__THE TASK__
Transcribe only the lines in the data below falling between the line with "Men, join us" and the line with "在温度及功耗测试中,蓝宝石PURE 极地 RX", including those two lines, and leave out any picture.

__DATA PROVIDED__
>>>>>

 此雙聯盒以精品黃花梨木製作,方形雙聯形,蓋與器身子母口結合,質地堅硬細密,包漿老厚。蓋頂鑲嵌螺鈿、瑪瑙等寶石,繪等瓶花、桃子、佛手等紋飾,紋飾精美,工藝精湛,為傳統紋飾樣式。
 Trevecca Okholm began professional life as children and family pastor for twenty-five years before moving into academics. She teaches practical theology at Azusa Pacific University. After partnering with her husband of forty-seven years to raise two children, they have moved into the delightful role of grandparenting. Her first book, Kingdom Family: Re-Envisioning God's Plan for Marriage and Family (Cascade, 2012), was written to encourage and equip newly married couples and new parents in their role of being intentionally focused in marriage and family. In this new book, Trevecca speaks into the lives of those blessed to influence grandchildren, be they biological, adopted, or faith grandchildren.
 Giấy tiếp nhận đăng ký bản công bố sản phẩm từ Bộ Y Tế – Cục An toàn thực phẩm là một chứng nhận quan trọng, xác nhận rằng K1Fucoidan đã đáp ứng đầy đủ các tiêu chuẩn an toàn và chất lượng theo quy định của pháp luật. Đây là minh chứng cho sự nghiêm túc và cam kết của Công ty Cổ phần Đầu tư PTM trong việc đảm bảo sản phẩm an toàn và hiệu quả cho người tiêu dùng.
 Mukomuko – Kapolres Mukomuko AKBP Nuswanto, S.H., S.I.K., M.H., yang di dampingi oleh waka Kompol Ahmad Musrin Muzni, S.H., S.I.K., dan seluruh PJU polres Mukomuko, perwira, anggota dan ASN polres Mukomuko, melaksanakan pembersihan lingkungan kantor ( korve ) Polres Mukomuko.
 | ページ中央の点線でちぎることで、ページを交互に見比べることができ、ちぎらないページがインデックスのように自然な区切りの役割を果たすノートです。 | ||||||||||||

<<<<<
>>>>>

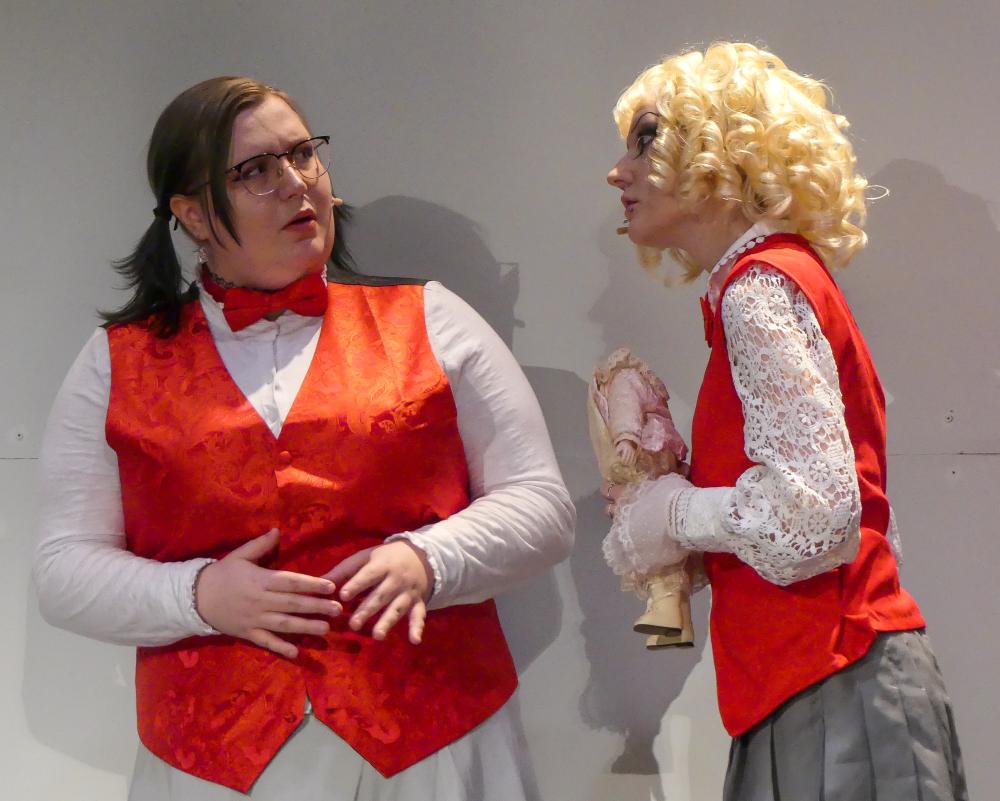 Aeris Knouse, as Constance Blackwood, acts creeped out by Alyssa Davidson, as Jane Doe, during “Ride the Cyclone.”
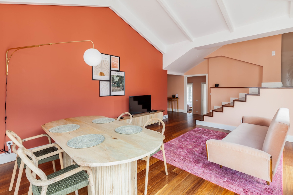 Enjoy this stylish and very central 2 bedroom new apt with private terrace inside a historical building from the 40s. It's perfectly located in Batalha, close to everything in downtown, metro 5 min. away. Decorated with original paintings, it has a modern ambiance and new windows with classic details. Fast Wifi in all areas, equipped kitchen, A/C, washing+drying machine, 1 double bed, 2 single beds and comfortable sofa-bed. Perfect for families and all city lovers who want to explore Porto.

<<<<<
>>>>>

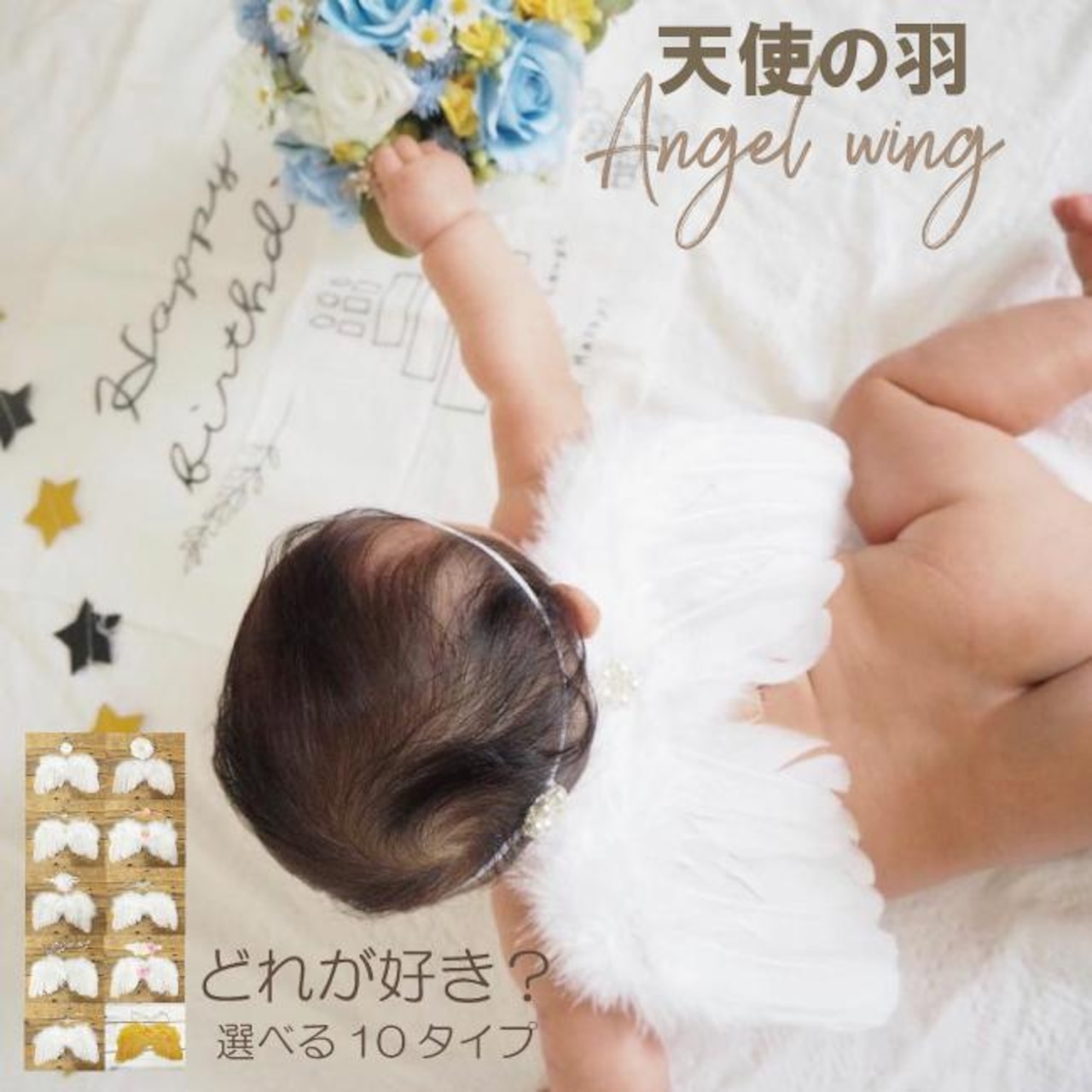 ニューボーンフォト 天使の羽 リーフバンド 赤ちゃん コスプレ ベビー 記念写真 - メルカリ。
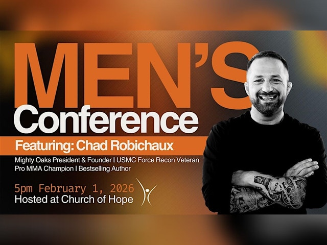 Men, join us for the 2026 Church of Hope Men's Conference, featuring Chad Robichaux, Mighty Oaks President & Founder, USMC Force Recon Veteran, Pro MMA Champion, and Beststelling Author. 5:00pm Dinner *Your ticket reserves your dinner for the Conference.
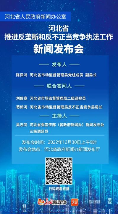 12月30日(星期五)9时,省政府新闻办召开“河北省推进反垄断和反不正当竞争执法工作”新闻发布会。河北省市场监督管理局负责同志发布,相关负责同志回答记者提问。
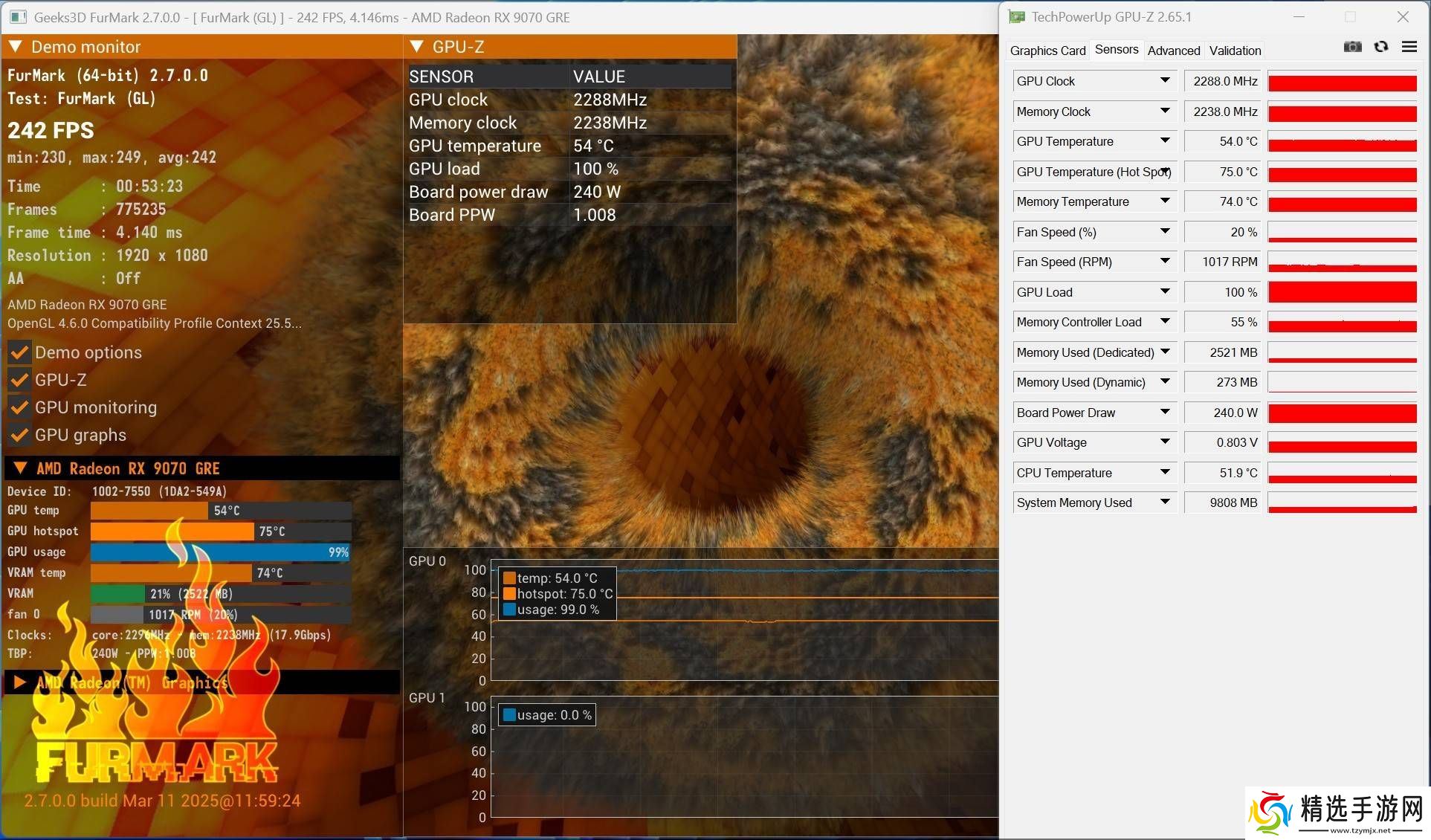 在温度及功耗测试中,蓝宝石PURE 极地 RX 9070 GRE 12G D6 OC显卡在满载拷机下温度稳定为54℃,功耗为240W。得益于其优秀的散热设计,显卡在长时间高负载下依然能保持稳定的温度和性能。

<<<<<

__EXERCISE OUTPUT__
 Men, join us for the 2026 Church of Hope Men's Conference, featuring Chad Robichaux, Mighty Oaks President & Founder, USMC Force Recon Veteran, Pro MMA Champion, and Beststelling Author. 5:00pm Dinner *Your ticket reserves your dinner for the Conference.
 12月30日(星期五)9时,省政府新闻办召开“河北省推进反垄断和反不正当竞争执法工作”新闻发布会。河北省市场监督管理局负责同志发布,相关负责同志回答记者提问。
 在温度及功耗测试中,蓝宝石PURE 极地 RX 9070 GRE 12G D6 OC显卡在满载拷机下温度稳定为54℃,功耗为240W。得益于其优秀的散热设计,显卡在长时间高负载下依然能保持稳定的温度和性能。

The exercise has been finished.